Answer 18 questions across 6 evidence-based dimensions: communication, trust, intimacy, shared values, conflict resolution, and mutual respect. Get a relationship health score, per-dimension grades, and personalized insights.
The Gottman Institute's four decades of research on couples — tracking thousands of relationships across years — identified six core dimensions that predict relationship satisfaction and longevity more reliably than any other variables. These aren't intuitive criteria like "do you love each other" or "do you have common interests." They're specific behavioral and attitudinal patterns that, when present, predict lasting, satisfying relationships — and when absent, predict dissolution.
This assessment is structured around those six dimensions. Each question is designed to surface specific behaviors, not feelings. "Feelings" are notoriously unreliable reporters of relationship health — you can feel great in an objectively struggling relationship, and feel anxious in an objectively healthy one. Behaviors and patterns are more accurate. Answer each question honestly, based on how things actually are — not how you wish they were or how they are on good days.

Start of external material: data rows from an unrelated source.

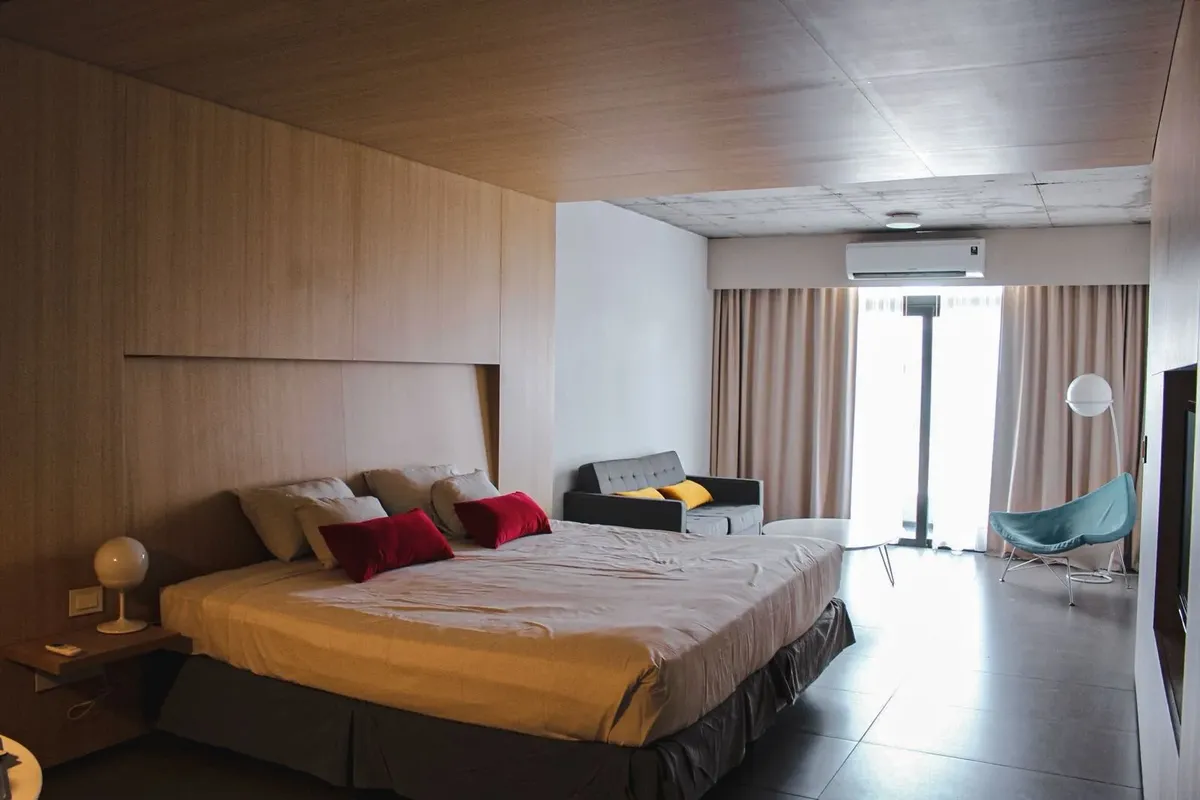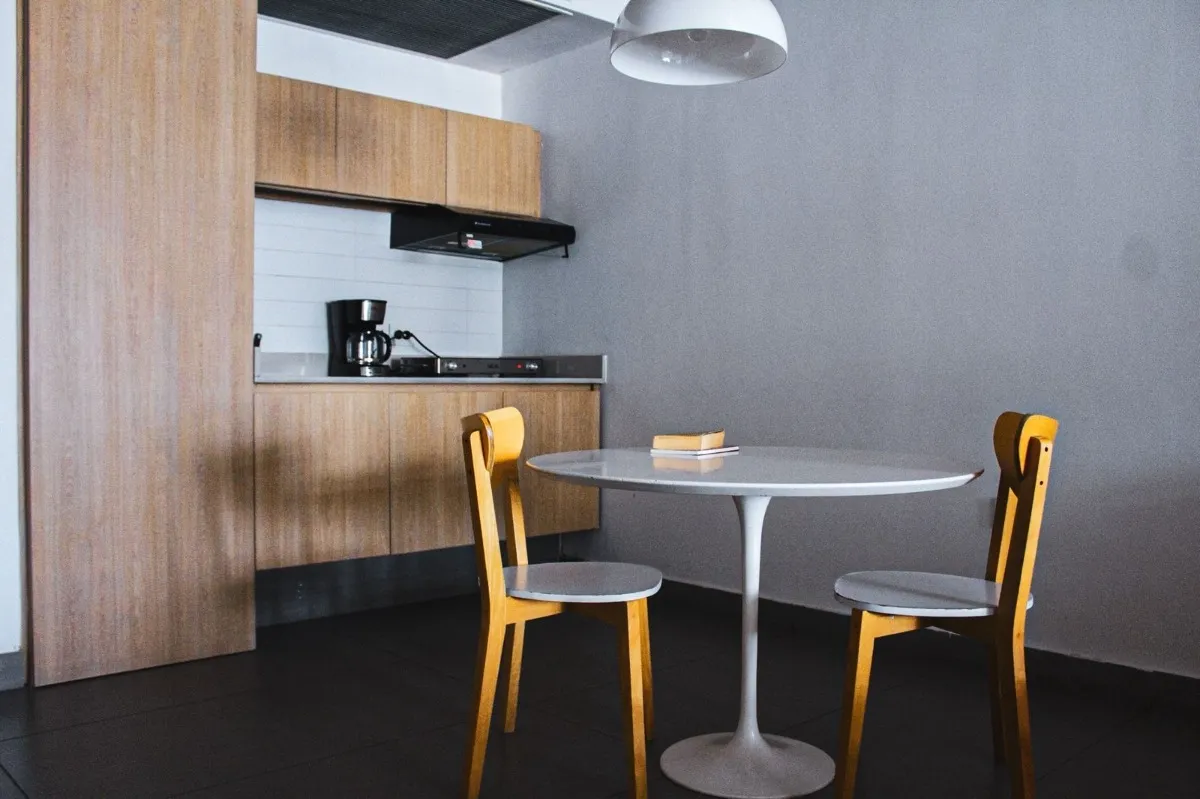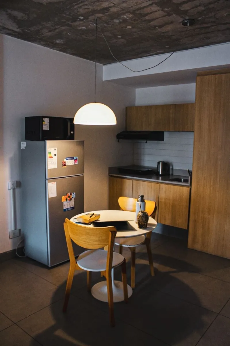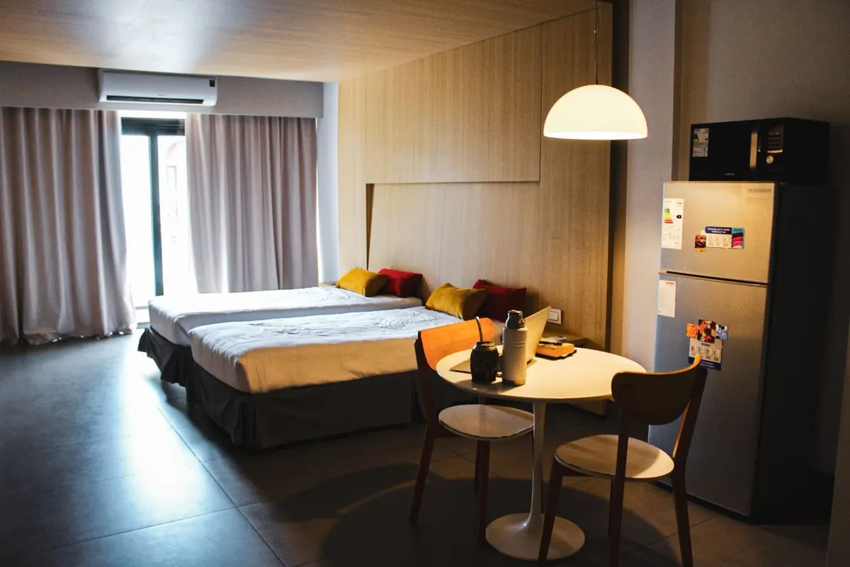 В Monserrat предлагаются квартиры-студии площадью 38, 43 и 48 m², с полной комплектацией. В здании предусмотрены пространство cowork, терраса с бассейном и зона приёма. В стоимость входят коммунальные платежи здания; также указаны свет, кабельное телевидение, Wi‑Fi и кондиционер. В объявлении сказано, что объект находится в 150 метрах от Av. 9 de Julio.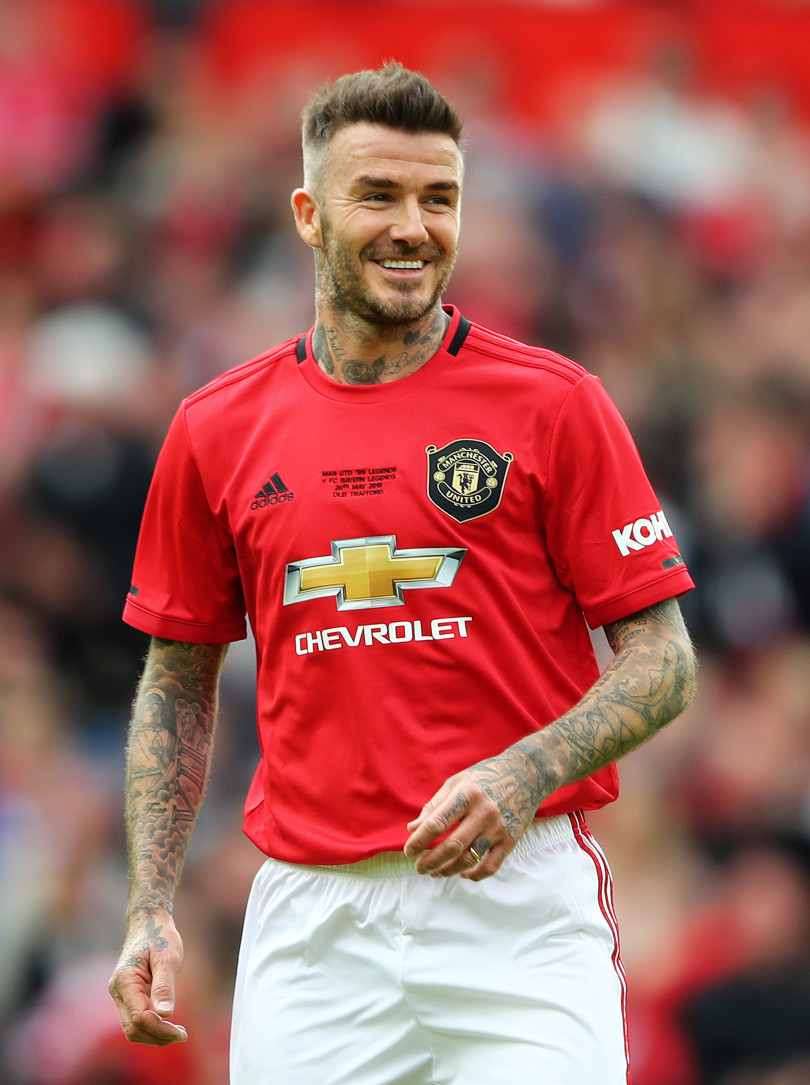 ديفيد بيكهام في ملعب كرة القدم ، فضل قصة الشعر المشهورة جدًا.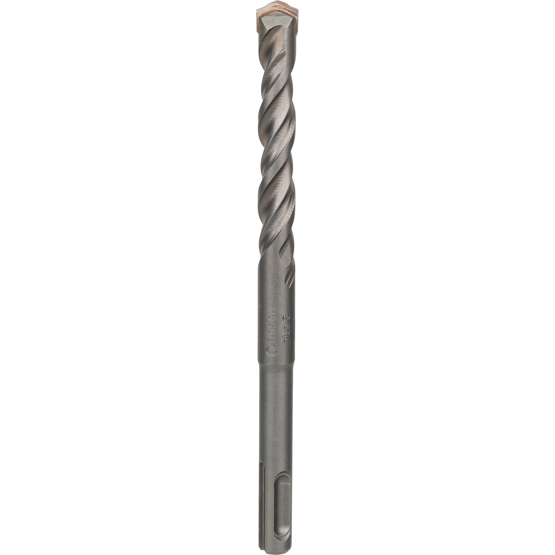 The SDS plus-3 Drill Bit offers durability when drilling in concrete. To prevent heat development, the 4-flute dura design provides effective dust removal for increased endurance. It is made of high-alloy steel, which is produced with an optimised hardening technology to withstand wear. For additional resistance, indented cutting edges are made from an ideal Bosch-controlled carbide blend. As proof of quality, the drill bit bears the test mark of the PGM Masonry Drill Bit Association Board, guaranteeing compliance with tight tolerances, exact drilling and the firm hold of fixings. The bit is intended for work on concrete and masonry and is to be used with rotary hammers with SDS plus holders.

Rate each statement from 1 (Almost Never) to 5 (Almost Always). Answer honestly — the assessment is only as useful as your answers are accurate.

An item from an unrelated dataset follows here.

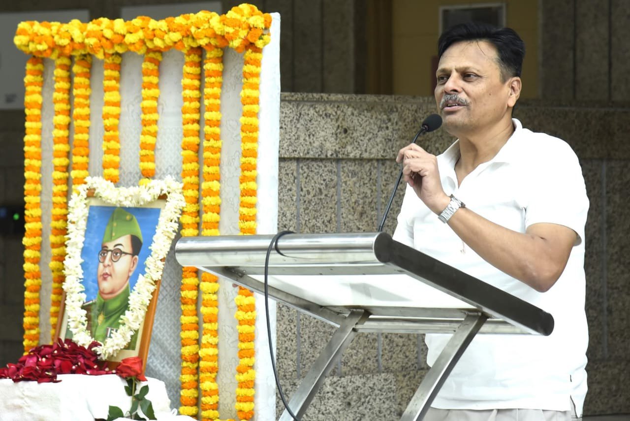 श्री अच्युत घाटक ने भारत के स्वतंत्रता संग्राम में नेताजी के अतुलनीय योगदान पर प्रकाश डाला, जबकि श्री ब्रजेश कुमार त्रिपाठी ने उनके निर्भीक नेतृत्व और अदम्य साहस पर अपने विचार व्यक्त किए।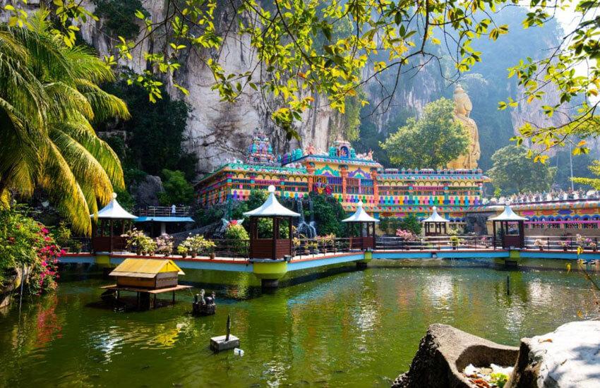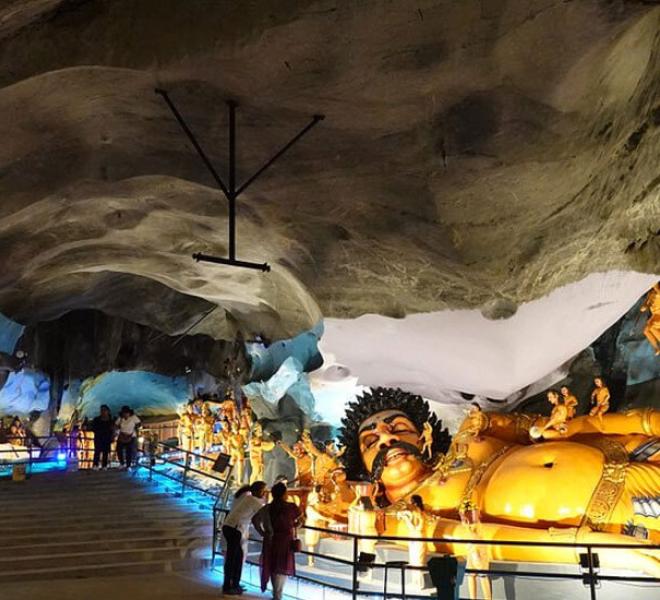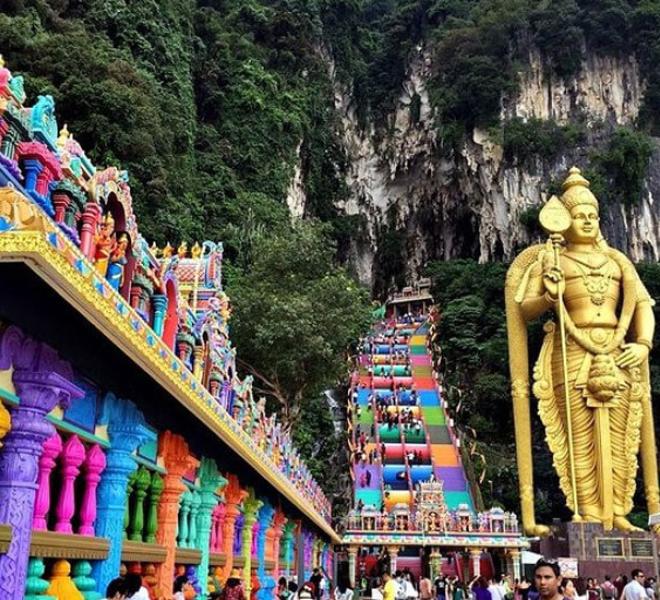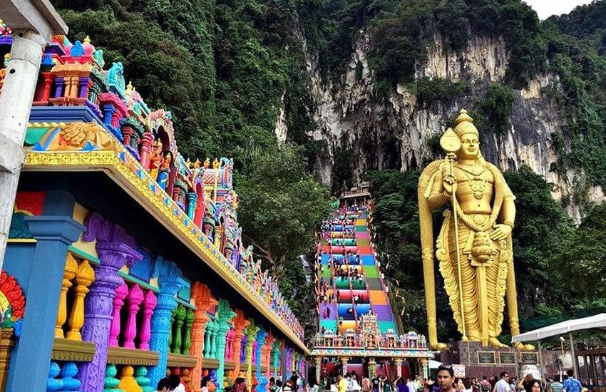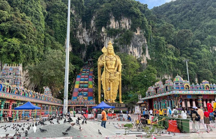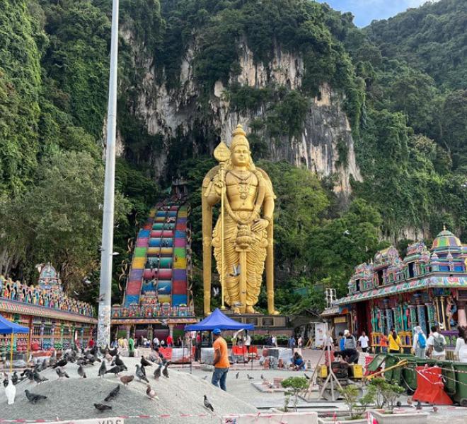 A famous Hindu temple in limestone caves with a massive golden Lord Murugan statue.

Understanding where your relationship needs attention is the first step. Here are the most evidence-backed interventions for each core dimension.
Practice "active listening" — reflect back what you heard before responding. The goal in any conversation is understanding, not winning. Try the "soft startup": begin hard conversations with "I feel" instead of "You always/never."
Trust is built in small, consistent moments — not grand gestures. Follow through on small commitments. Be predictable. Research shows that vulnerability (sharing fears, insecurities) accelerates trust when met with care.
Physical and emotional intimacy feed each other. Small daily touches — a hug, hand-holding — maintain physical connection. Emotional intimacy deepens through "I've been thinking about" conversations that go beyond logistics.
You don't need to agree on everything — you need alignment on your most important priorities: family, finances, lifestyle, future direction. Regular "where are we going" conversations keep this alignment visible.
Avoid the "Four Horsemen": criticism, contempt, defensiveness, stonewalling. Gottman's research shows that "repair attempts" — de-escalation bids during conflict — predict outcomes more than the conflict itself. Accept repair bids.
Contempt — sarcasm, eye-rolls, dismissiveness — is the single strongest predictor of relationship failure. Counter it with what Gottman calls a "culture of appreciation": regularly naming specific things you admire about your partner.